» RECORDS TO USE
◆ ◆ ◆ ◆

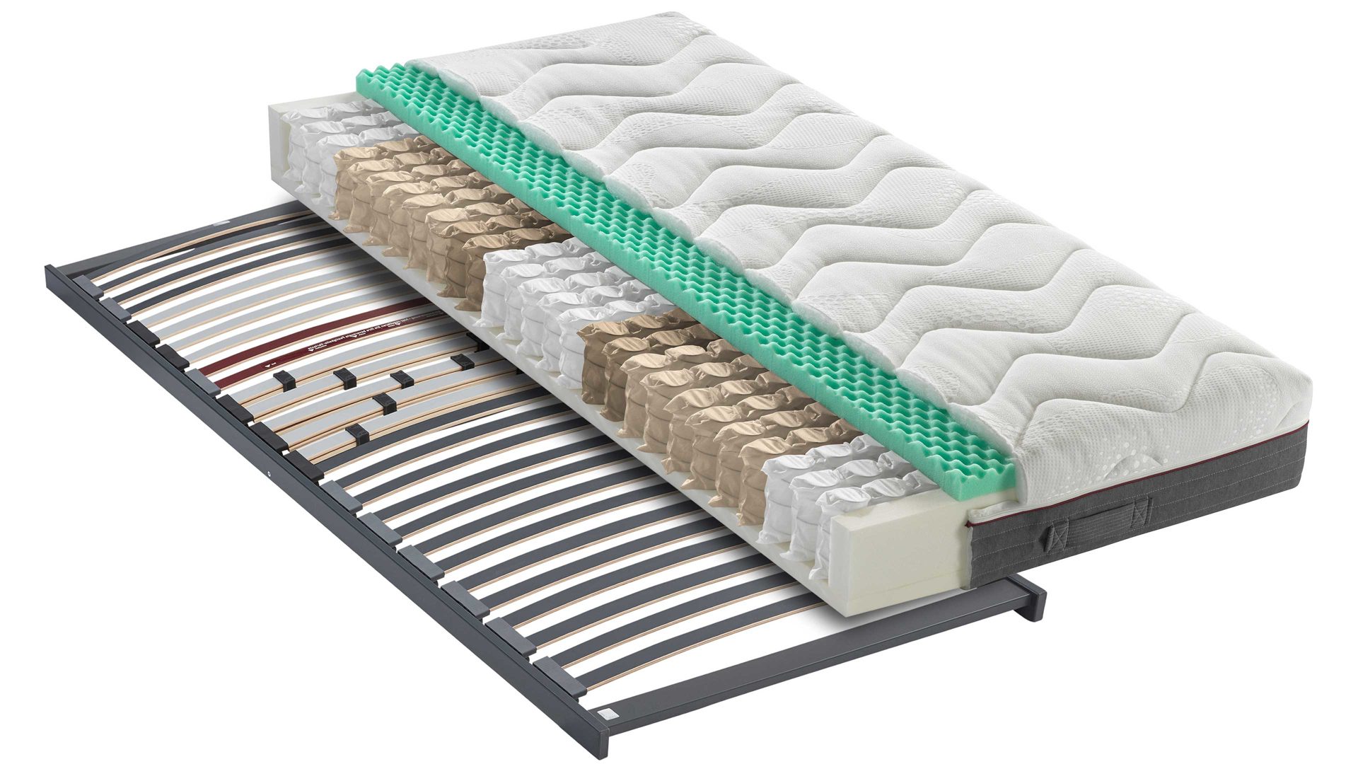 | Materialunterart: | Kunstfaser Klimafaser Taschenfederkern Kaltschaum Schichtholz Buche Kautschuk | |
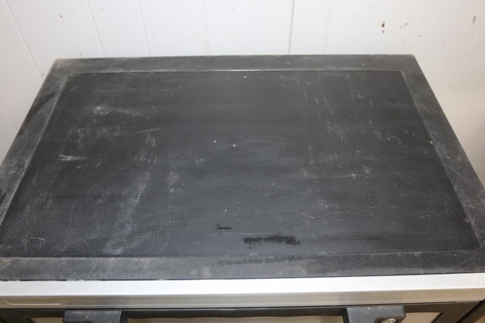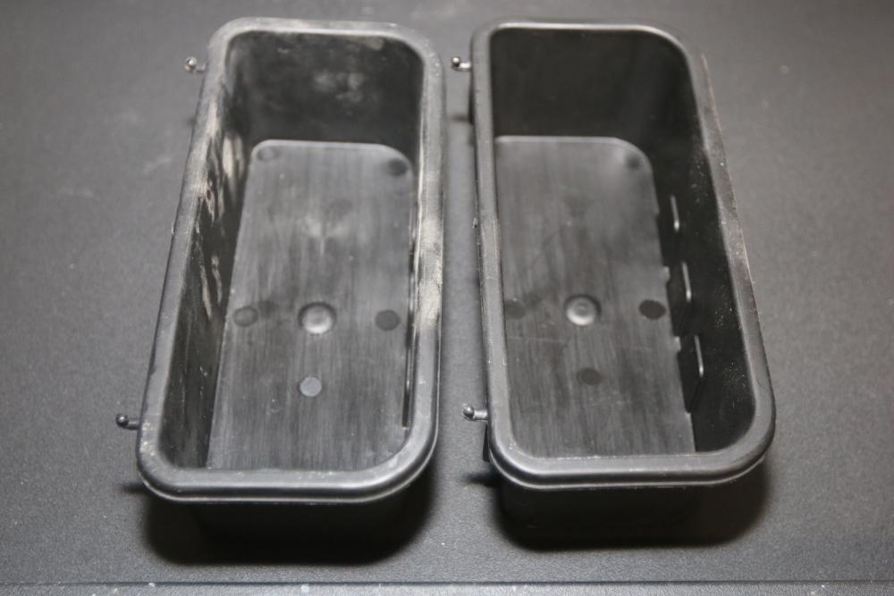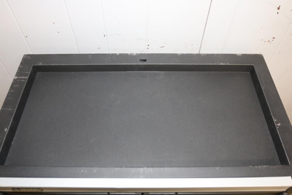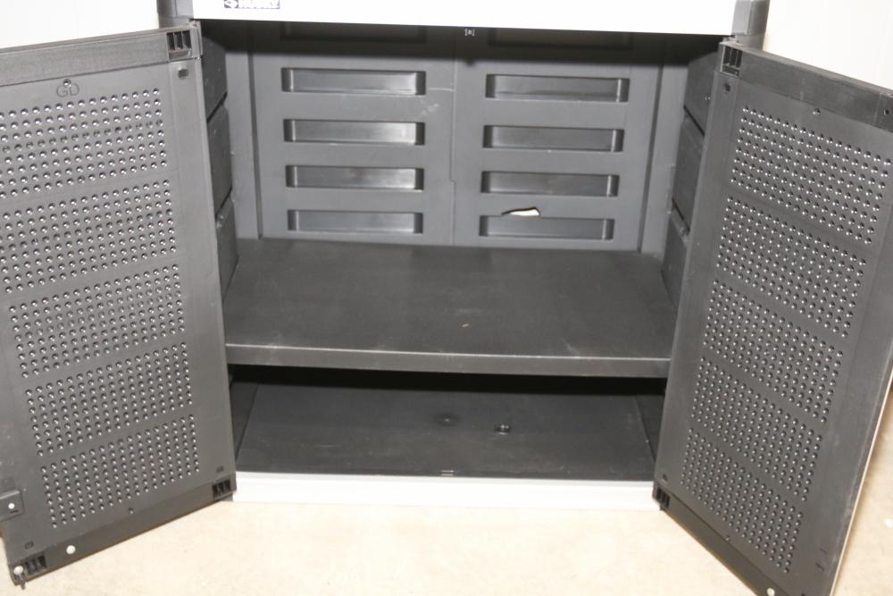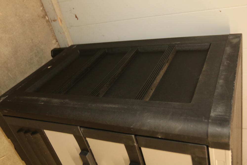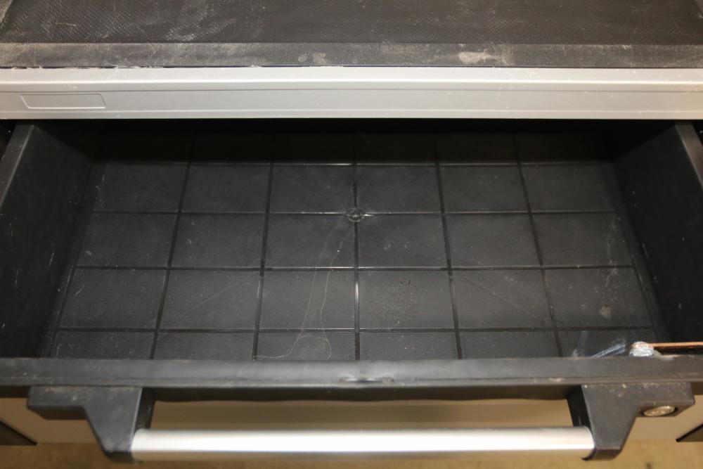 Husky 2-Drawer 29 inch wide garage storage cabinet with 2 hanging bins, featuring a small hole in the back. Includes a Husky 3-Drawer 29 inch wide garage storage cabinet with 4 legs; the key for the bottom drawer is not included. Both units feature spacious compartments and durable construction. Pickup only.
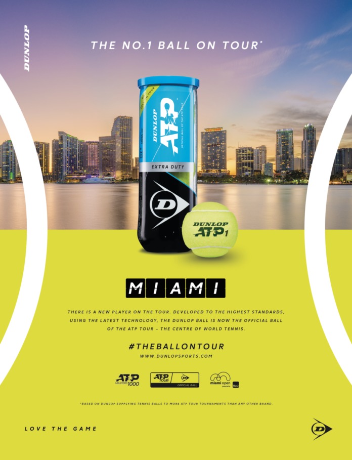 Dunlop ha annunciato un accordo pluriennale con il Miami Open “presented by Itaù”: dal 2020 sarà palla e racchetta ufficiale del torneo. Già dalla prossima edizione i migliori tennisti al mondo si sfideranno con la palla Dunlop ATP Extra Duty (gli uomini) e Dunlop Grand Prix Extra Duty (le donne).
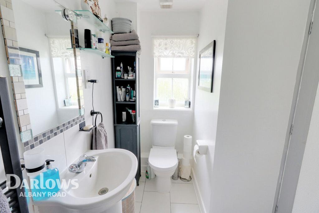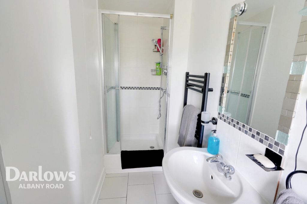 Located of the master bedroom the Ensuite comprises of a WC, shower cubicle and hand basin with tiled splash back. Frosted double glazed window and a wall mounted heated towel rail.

◆ ◆ ◆ ◆

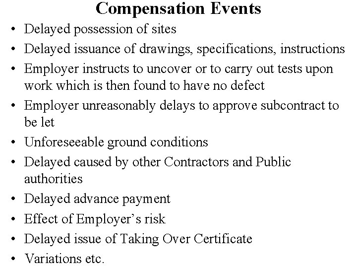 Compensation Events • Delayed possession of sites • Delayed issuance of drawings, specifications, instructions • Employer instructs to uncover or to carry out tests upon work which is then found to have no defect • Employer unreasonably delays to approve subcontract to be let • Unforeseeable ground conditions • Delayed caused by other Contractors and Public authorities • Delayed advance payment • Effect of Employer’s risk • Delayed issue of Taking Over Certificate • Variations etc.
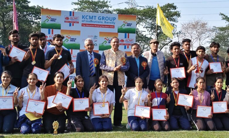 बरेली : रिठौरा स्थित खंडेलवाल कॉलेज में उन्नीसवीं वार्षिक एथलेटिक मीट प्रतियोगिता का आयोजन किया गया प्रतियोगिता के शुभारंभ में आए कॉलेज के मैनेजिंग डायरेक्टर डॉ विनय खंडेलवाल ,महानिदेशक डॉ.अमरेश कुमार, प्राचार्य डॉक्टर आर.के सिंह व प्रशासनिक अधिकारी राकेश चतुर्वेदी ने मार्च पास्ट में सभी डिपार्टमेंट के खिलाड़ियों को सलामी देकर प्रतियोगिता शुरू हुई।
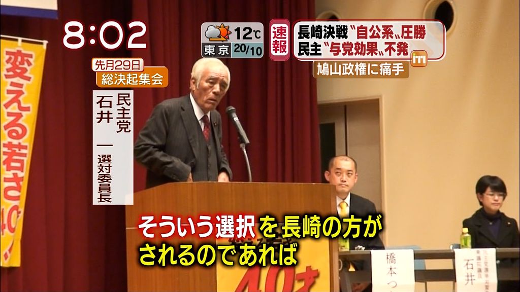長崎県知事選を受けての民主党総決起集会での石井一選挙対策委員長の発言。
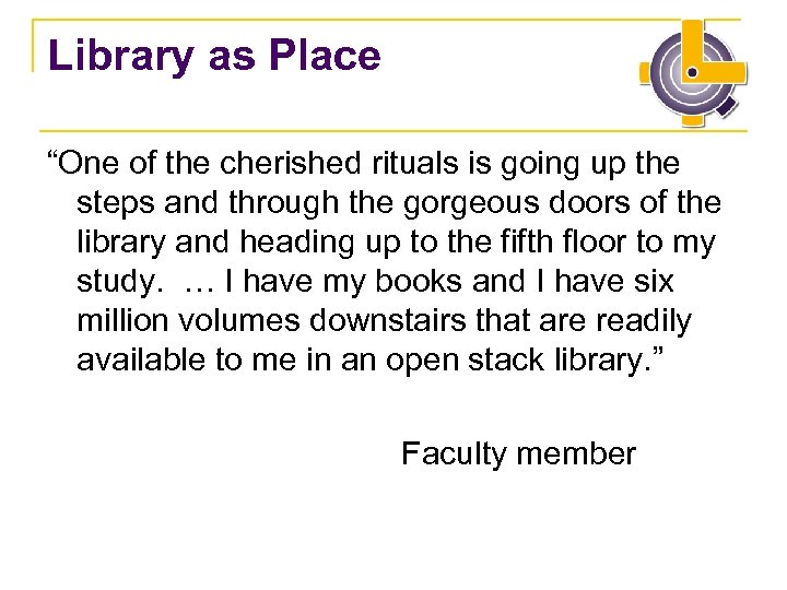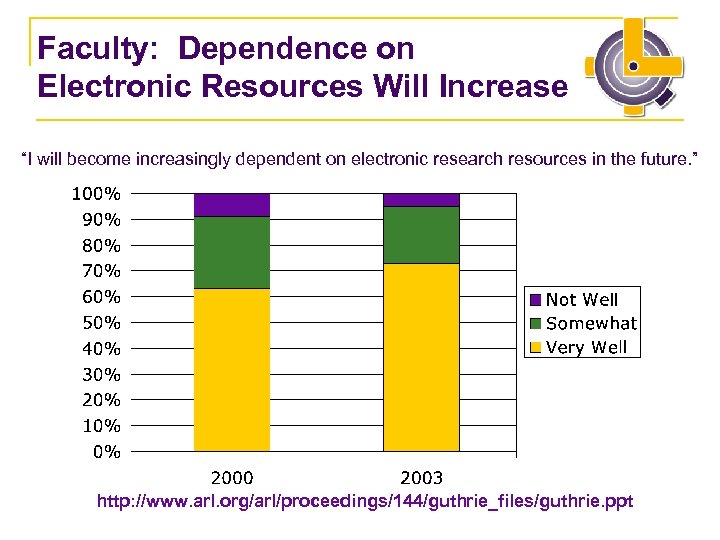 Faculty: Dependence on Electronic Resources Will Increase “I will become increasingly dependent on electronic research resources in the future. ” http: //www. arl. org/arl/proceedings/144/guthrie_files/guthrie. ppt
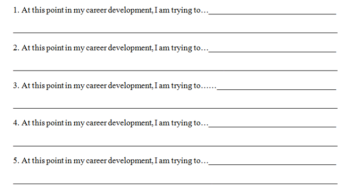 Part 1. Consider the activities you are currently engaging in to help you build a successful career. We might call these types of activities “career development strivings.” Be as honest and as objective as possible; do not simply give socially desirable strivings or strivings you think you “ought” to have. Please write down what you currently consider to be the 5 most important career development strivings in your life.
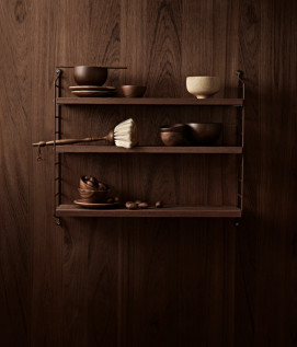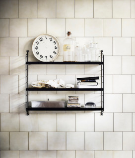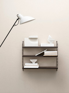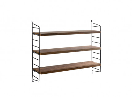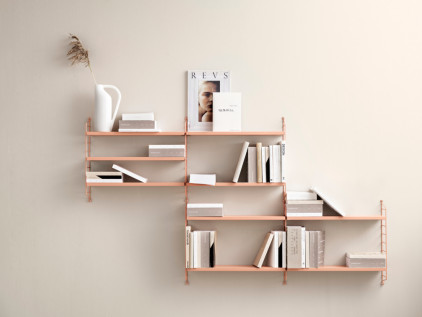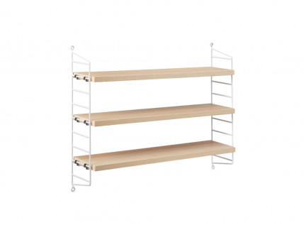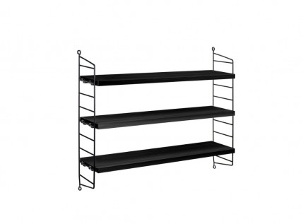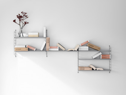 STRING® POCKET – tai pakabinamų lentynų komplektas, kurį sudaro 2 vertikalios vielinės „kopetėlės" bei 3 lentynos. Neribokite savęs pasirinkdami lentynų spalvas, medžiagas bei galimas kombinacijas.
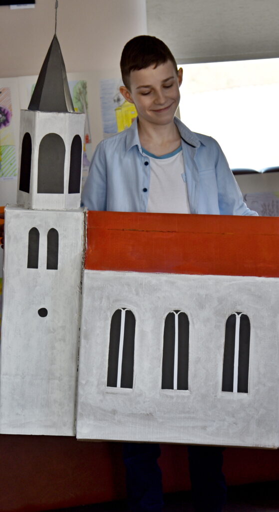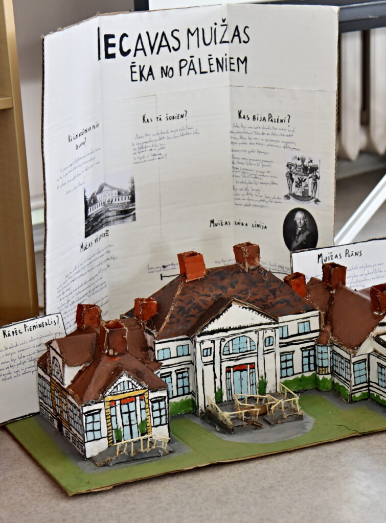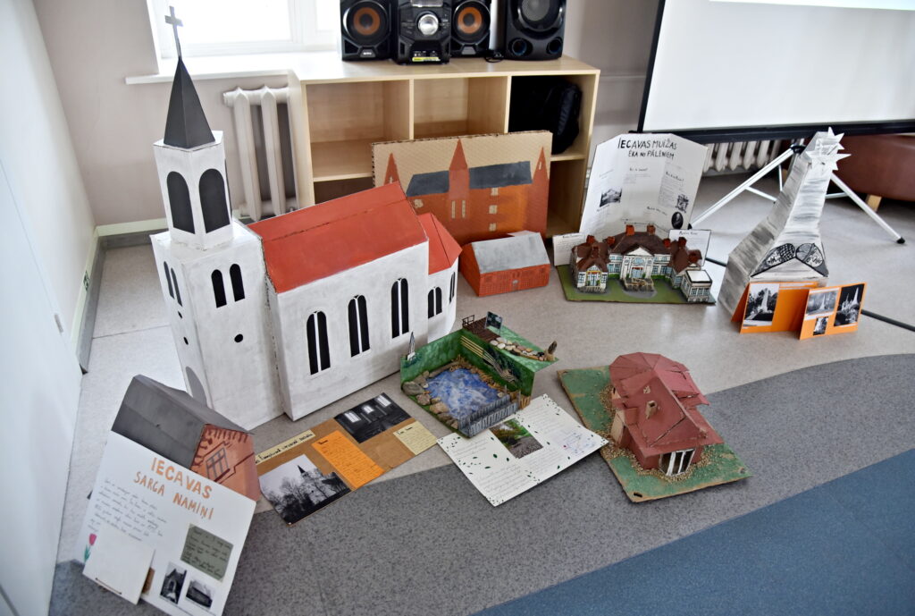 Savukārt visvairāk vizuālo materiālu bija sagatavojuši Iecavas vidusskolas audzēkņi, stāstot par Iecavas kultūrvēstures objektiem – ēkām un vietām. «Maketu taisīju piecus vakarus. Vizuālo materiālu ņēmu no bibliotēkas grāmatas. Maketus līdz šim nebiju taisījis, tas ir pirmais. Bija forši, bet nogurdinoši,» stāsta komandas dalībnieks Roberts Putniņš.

◆ ◆ ◆ ◆

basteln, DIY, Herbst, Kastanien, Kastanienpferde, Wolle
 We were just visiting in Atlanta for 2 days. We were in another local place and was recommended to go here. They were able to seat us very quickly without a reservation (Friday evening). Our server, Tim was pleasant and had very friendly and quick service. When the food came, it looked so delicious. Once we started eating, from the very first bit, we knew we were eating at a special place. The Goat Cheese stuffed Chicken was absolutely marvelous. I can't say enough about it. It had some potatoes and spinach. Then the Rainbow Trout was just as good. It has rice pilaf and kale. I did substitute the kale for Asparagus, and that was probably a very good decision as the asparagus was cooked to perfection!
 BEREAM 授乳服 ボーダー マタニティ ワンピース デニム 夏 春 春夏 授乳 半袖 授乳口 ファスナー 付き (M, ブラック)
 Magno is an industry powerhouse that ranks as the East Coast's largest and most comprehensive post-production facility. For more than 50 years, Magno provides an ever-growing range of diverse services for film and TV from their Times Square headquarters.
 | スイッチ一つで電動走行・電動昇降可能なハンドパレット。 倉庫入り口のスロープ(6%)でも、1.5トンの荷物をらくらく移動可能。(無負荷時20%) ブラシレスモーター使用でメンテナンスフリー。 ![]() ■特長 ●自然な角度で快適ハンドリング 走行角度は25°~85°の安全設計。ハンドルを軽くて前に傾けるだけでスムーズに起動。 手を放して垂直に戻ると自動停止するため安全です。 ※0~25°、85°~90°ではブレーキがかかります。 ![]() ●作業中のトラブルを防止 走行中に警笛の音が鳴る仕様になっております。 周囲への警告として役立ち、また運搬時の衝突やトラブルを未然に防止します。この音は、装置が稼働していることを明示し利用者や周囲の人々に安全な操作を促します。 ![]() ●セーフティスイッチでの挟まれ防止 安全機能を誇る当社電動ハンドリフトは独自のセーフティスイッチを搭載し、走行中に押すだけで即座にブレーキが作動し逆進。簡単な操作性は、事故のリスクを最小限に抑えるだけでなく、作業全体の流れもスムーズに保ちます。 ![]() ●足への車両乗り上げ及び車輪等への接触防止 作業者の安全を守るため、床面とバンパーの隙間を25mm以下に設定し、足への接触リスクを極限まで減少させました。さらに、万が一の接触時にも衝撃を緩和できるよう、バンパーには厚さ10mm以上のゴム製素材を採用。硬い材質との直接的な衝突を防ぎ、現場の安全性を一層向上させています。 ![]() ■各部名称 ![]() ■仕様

◆ ◆ ◆ ◆

» TASK
Within the material, how many lines hold the word "that"? Only the number is needed.

» WRITTEN ANSWER
2